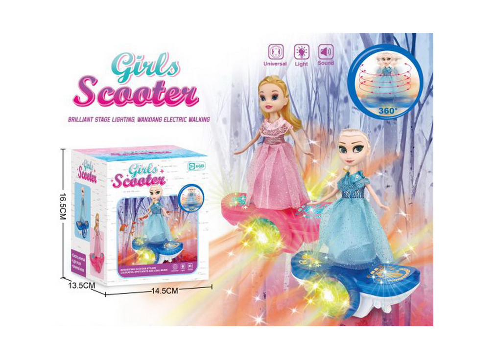 Pentru partenerii noștri en-gros, acest model reprezintă o alegere strategică pentru diversificarea stocului, fiind o alternativă activă la păpușile statice. Skateboard-ul este piesa centrală a divertismentului, fiind echipat cu lumini LED multicolore care proiectează efecte vizuale pe podea și un modul sonor care redă melodii ritmate. Această combinație de stimuli vizuali și auditivi captează atenția copiilor, încurajându-i să se miște și să interacționeze cu jucăria.
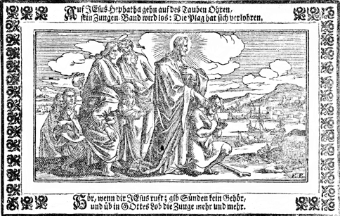 Description: Jesus cures a deaf man with a speech impediment by first putting his fingers in the man's ears, then spitting and touching the man's tongue while looking up into heaven and saying, "Be opened”.
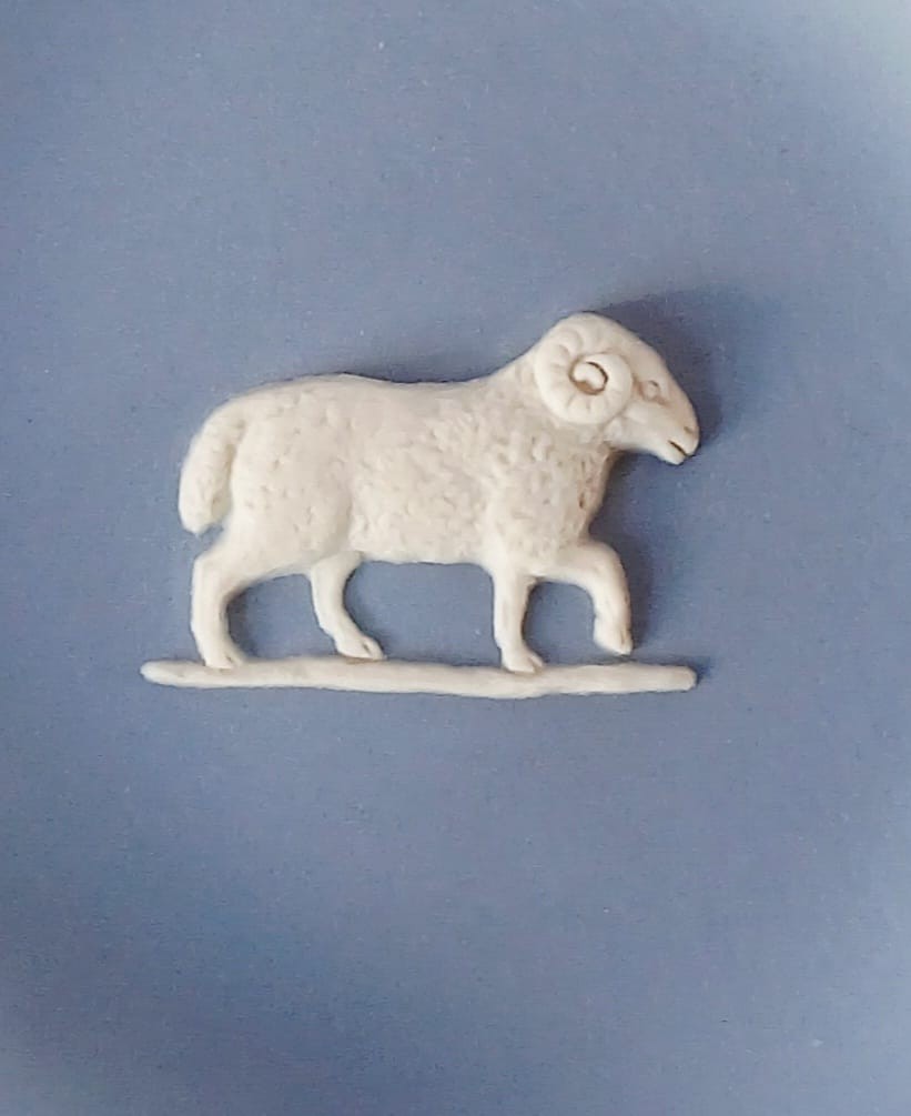 A Wedgwood blue jasperware pin dish featuring a white bas-relief of a ram representing Aries the first astrological sign of the zodiac.
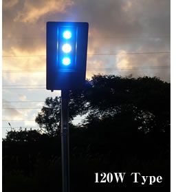 | 弊社のハイパワーLED街路灯の最大の特徴は、完全防水型の白色LEDと青色LEDを組み合わせたコンビネーションライトを実現し、同じハウジング機構を採用した60Wクラスから150Wクラスのシリーズ化を実現しました。また、お客様のご要望に応じて、白色LEDと青色LEDモジュール数の組み合わせを選択することが出来ます。 青色はリラクゼーション効果や、防犯効果などが期待されますが、これらの効果については、大阪府立工業高等専門学校と共同研究中で、今後の研究成果が期待されます。 |
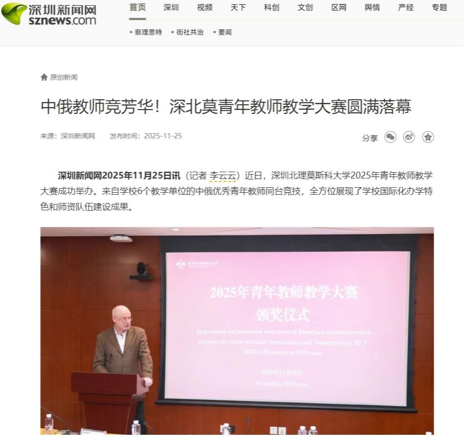 近日,深圳北理莫斯科大学2025年青年教师教学大赛成功举办。来自学校6个教学单位的中俄优秀青年教师同台...
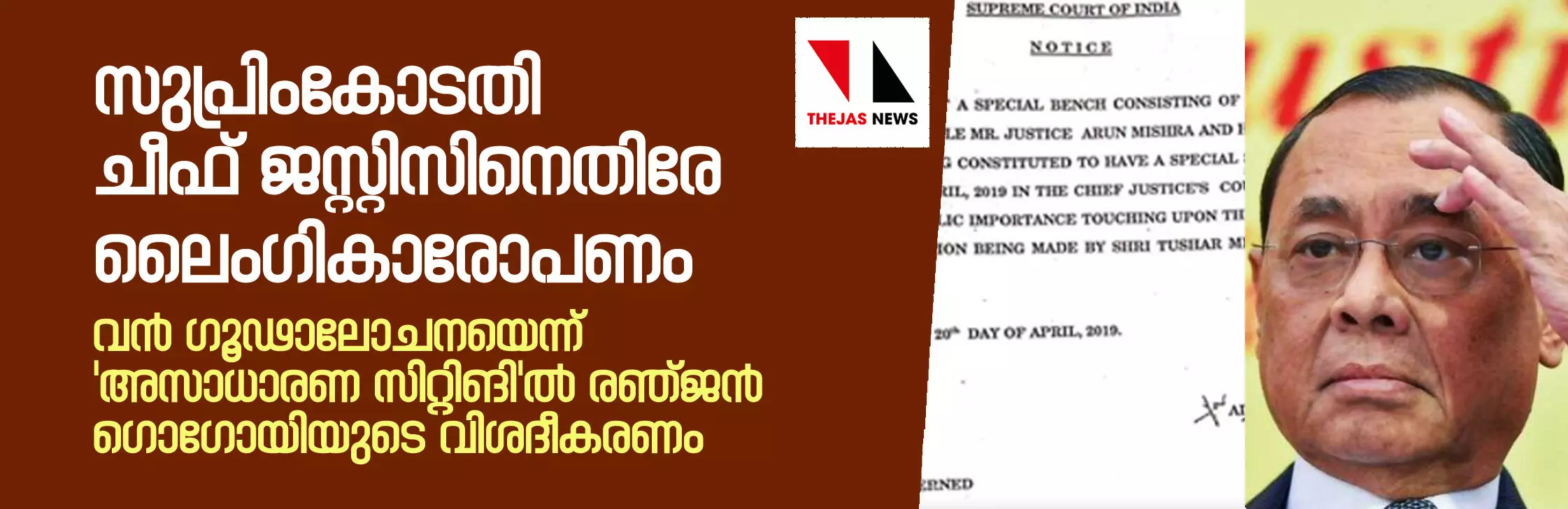 വന് ഗൂഢാലോചനയെന്ന് 'അസാധാരണ സിറ്റിങി'ല് രഞ്ജന് ഗൊഗോയിയുടെ വിശദീകരണം
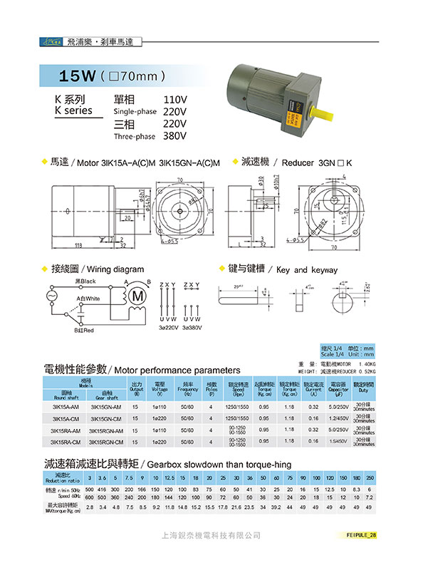 K系列3GN15K剎車馬達(dá)15W(70mm)
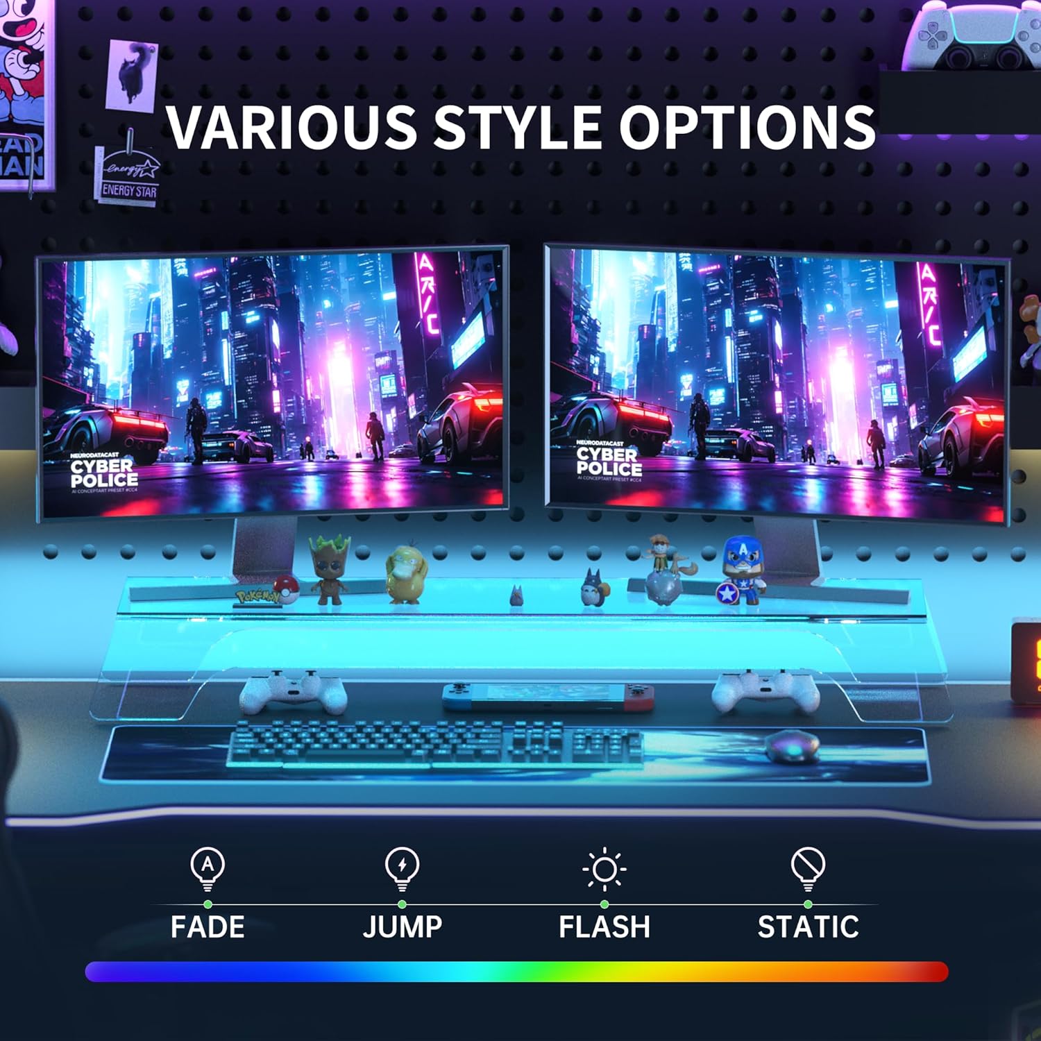 - LED LIGHT STRIP:Featuring an integrated LED light strip, this riser adds a soft, ambient glow to your workspace. It not only enhances your desk lighting but also creates a modern, stylish atmosphere, perfect for both work and relaxation.
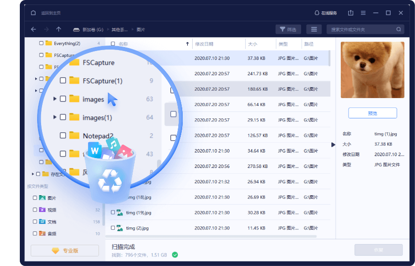 非常好用的一款数据恢复软件!回收站清除的照片竟然都帮我找回来了,简直是太不可思议了,我一度认为我永久失去了这些珍贵的照片,简直带给我太多惊喜。
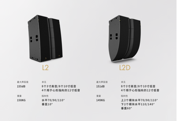 這將是全新的蛻變,這個聲音、這個構造,代表的正是我們的未來!全新的L系列揚聲器,塑造屬于未來的聲音。在未來的應用中,L系列將是許多租賃和固定安裝應用的理想解決方案,尤其是那些對音質、空間、重量、安裝速度或反饋前的增益有著苛刻要求的項目。L系列可以滿足非常多的項目和應用,無論是單聲道、立體聲還是L-ISA系統。L2和L2D既可以單獨使用,也可以搭配KS28超低揚聲器以擴展低頻下限。
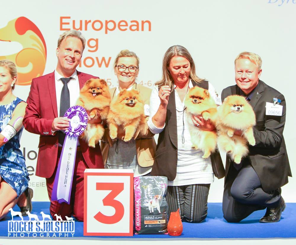 The dogs above more or less are the foundation dogs of the Tiny Jewels poms. Together my dogs have won over 300 times BEST IN SHOW, Pomeranian of the Year 25 times 1991 – 2018, Dog of the Year all breeds both in Norway and Denmark, Veteran of the Year all breeds, Breeder of the Year all breeds # 2, Champion of Champions x 2, Veteran of Veterans in Sweden. My dogs hold the record for winning the most EUROPEAN- and WORLD WINNER titles of all time in the breed since winning a title the first time I showed at such a show in 1996. One of my bitches even won CC at Crufts.
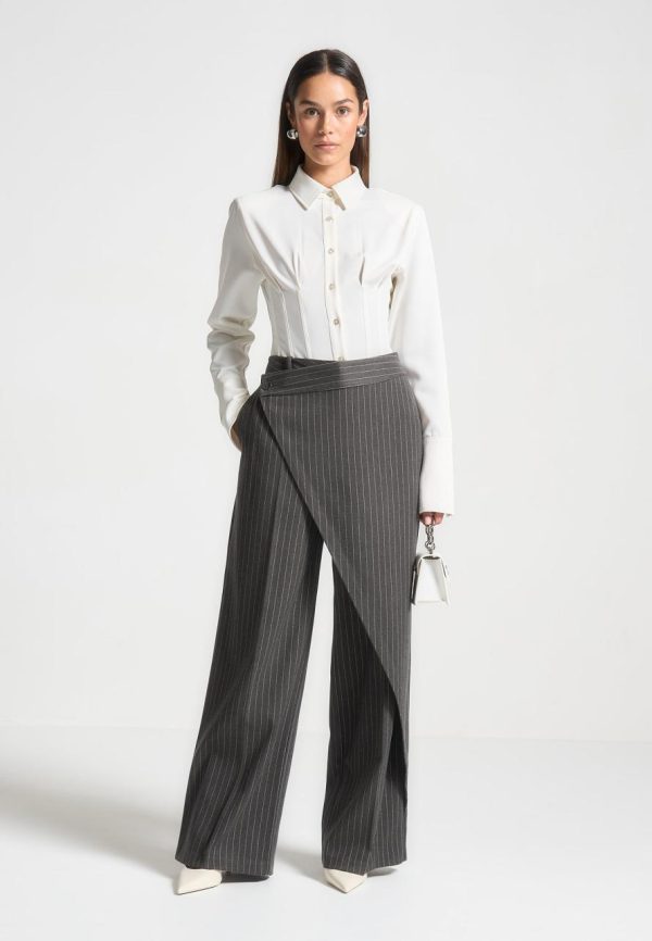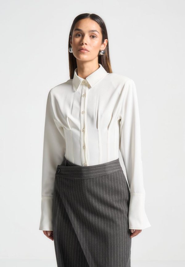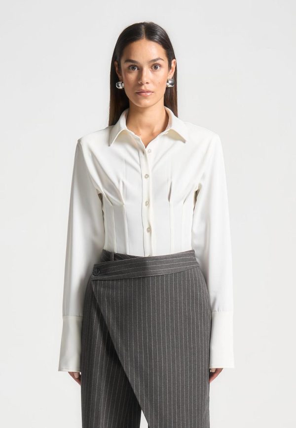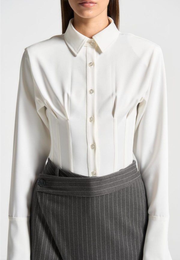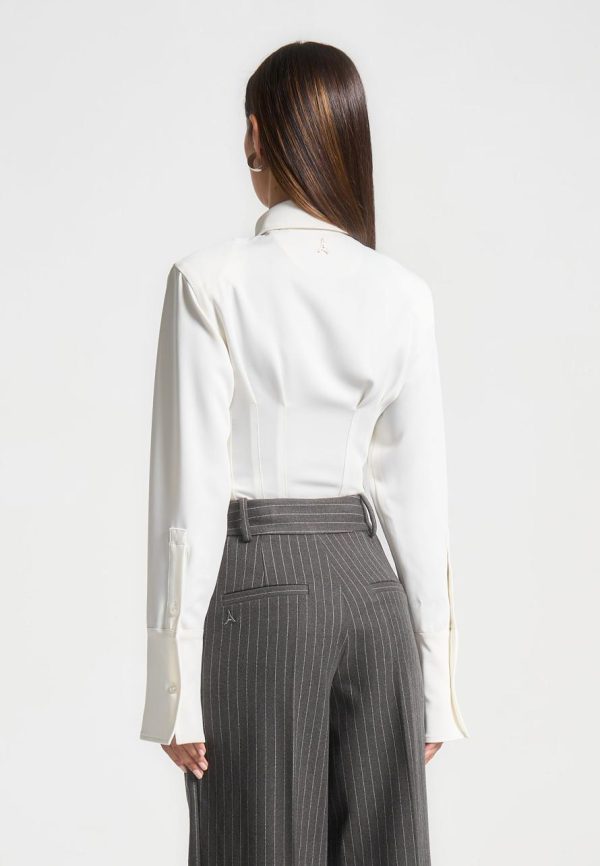 Introducing the Corset Shirt Bodysuit in Off-White. This stylish garment features a contoured shirt design, providing a flattering and comfortable fit. Made with quality materials, this bodysuit is perfect for any occasion.

[Your goal] In the entries above, every line from the line with "非常好用的一款数据恢复软件!" to the line with "這將是全新的蛻變,這個聲音、" is to be printed exactly, with both ends included and pictures excluded.

[Exercise output]
 非常好用的一款数据恢复软件!回收站清除的照片竟然都帮我找回来了,简直是太不可思议了,我一度认为我永久失去了这些珍贵的照片,简直带给我太多惊喜。
 這將是全新的蛻變,這個聲音、這個構造,代表的正是我們的未來!全新的L系列揚聲器,塑造屬于未來的聲音。在未來的應用中,L系列將是許多租賃和固定安裝應用的理想解決方案,尤其是那些對音質、空間、重量、安裝速度或反饋前的增益有著苛刻要求的項目。L系列可以滿足非常多的項目和應用,無論是單聲道、立體聲還是L-ISA系統。L2和L2D既可以單獨使用,也可以搭配KS28超低揚聲器以擴展低頻下限。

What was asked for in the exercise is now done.